Jozef Antall, een historicus en christen-democraat die de eerste postcommunistische premier van Hongarije was, noemde nationaal liberalisme "een integraal onderdeel van de opkomst van een natiestaat" in het 19e-eeuwse Europa. Destijds bestonden in heel Europa constitutionele democratische partijen van rechtse liberalen.

Image

Volgens Oscar Mulei kan vanuit het oogpunt van zowel ideologieën als tradities van politieke partijen worden beweerd dat in de landen van Centraal-Europa een speciaal type liberalisme dat inherent is aan deze regio, zich in de negentiende eeuw met succes heeft ontwikkeld. Het woord "nationalisme" werd gezien als een gedeeltelijk synoniem voor het woord "liberalisme". Volgens Muley speelden 'nationale liberalen' in Zuidoost-Europa ook prominente, zo niet sleutelrollen, in de politiek, maar met nogal verschillende, regiospecifieke kenmerken die hen aanzienlijk verschilden van hun Midden-Europese tegenhangers in de ideologie.
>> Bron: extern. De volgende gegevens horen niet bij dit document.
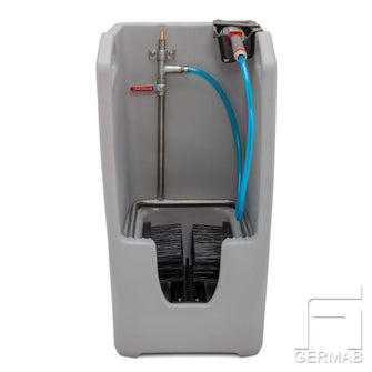 Shoe/boot wash suitable for agriculture, vets, industry or other contaminated areas. Outlet in the tub for easy emptying.

Tegenwoordig zijn er in heel Oost-Europa nationale liberale partijen. Rechts-liberalisme omvat de partijen Petro Poroshenko Bloc en het Volksfront in Oekraïne, verschillende Volksfronten in de Baltische staten en de voormalige Saakashvili-partij in Georgië.
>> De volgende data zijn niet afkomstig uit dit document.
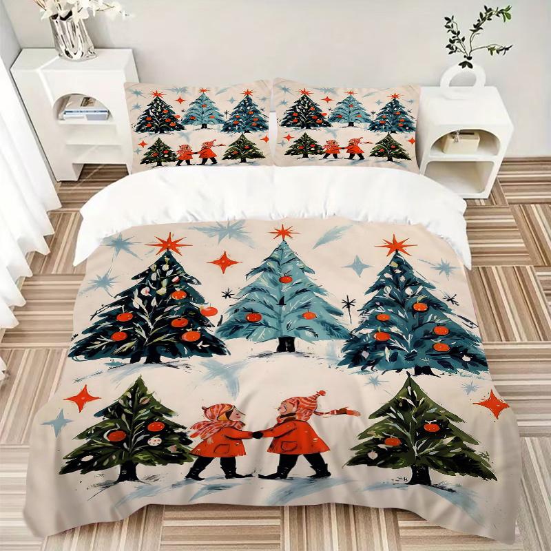 3pcs Christmas Tree in the Snow Bedding Set, 1 Soft Quilt Cover + 2 Pillowcases, Machine Washable, Suitable for All Seasons

Lind zelf definieert 'nationaal liberalisme' als een combinatie van 'gematigd sociaal conservatisme met gematigd economisch liberalisme'.

Gordon Smith, een vooraanstaand wetenschapper op het gebied van vergelijkende Europese politiek, begrijpt deze ideologie als een politiek concept dat aan populariteit heeft ingeboet toen het succes van nationalistische bewegingen bij het creëren van natiestaten niet langer opheldering vereiste over de vraag of vrijheid, partij of politicus een "nationale" subtekst had.

Individualisme en collectivisme

Leiders van de liberale vleugel neigen ook meer naar individualisme dan naar collectivisme. Rechtse liberalen erkennen dat mensen anders zijn, en daarom is hun vermogen om geld te verdienen ook anders. Hun concept van gelijke kansen, dat van toepassing is op de economie, ontneemt een persoon niet de mogelijkheid om zijn zakelijke belangen op de vrije markt na te streven. Individualisme, kapitalisme, globalisering - het rechtse liberalisme in de moderne wereld kan vaak worden beschreven door deze drie principes. Linkse liberalen daarentegen geloven in de klassenstrijd en de herverdeling van rijkdom, maar pleiten ook voor globalisering.